As the years passed, I learned that the child’s name was not Laaaaaayla, but rather Layla. This brought me happiness as the anagram of Layla, Allya, means sky and the heavens in Arabic, and in Hebrew it refers to ascension. The child and I were connected through my domain of the sky, and her earthly confines.
The child grew strong, and in the summers, as I watched over her, I saw that her spirit was true. She often did not know I was there, but I always was. As the same age that brought weight to my wings, breathed life and strength into her bones, I came to know her well. Hunting did not bring me the same joy, as seeing the child find freedom. She hated the nest, that much I knew. But she drove the tractors, and planted the garden, and during the nights when her father was gone drinking, I saw her dance in the kitchen.
Layla no longer rode her flimsy bicycle on the sinking road. She ran full speed in the evenings, her strong body carrying her long distances for a human. A short distance for an owl, but a long distance for a human. Perhaps the ability to soar across the heavens, is the toll the ancient owls paid to the goddess, to live one tenth of the life the humans were gifted. The beads of sweat glistened around Layla’s neck like delicate pearls as she ran onwards across the soft road in the pale summer light. I knew she was destined to be greater than the small farmyard, with the man who didn’t do much else except drink. She didn’t yet know what else was out there, she’d never been much further than the sunken riverbed valley in which she lived. I didn’t even know if she had the knowledge that so much existed beyond her small valley.
Then one day, a boy in a rusty red Chevrolet pulled into Layla’s yard. The man had left drinking the night before, and it was unlikely that he’d return from the City for a few more days.
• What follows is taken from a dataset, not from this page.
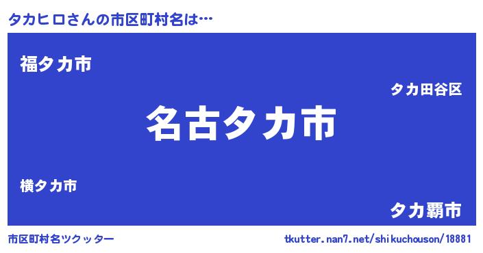 | 男性向けラノベタイトル風あだ名 | 『タカヒロに滅ぼされるだけの簡単なお仕事です』 |

She was standing on the crumbling concrete step, wearing her pink backpack, with a bag full of clothes in her other hand. She was all the beauty this god-forsaken land possessed, all in one. She was every heavenly snowfall I’d ever flown through, she was the exhilaration of every plunging dive from the sky I’d ever made. I saw the scar on her left shoulder, and I knew how she had got it. I had been flying high-above in the azure summer skies when she had become entangled in the barbed wire. She knew nobody would find her, and she had carefully saved herself. I saw the freckles of her summer skin, sprawled like constellations across her face, and I saw the fire that burned around her while she slammed the passenger side of the Chevy shut. Layla never looked back so I never had the chance to see the sparkle in her eye one last time.
My wings are heavy now, and my hearing isn’t sharp. Sometimes I hear things that aren’t even there, sometimes I hear Layla’s laughter on the wind, blowing from the South. I know someday soon I will return to the dust that blows across the prairies on drought years. And when I find eternal slumber alone in some ancient barn, nobody will find me, I am just a barn owl after all, solitude is my home. Loneliness is my keeper.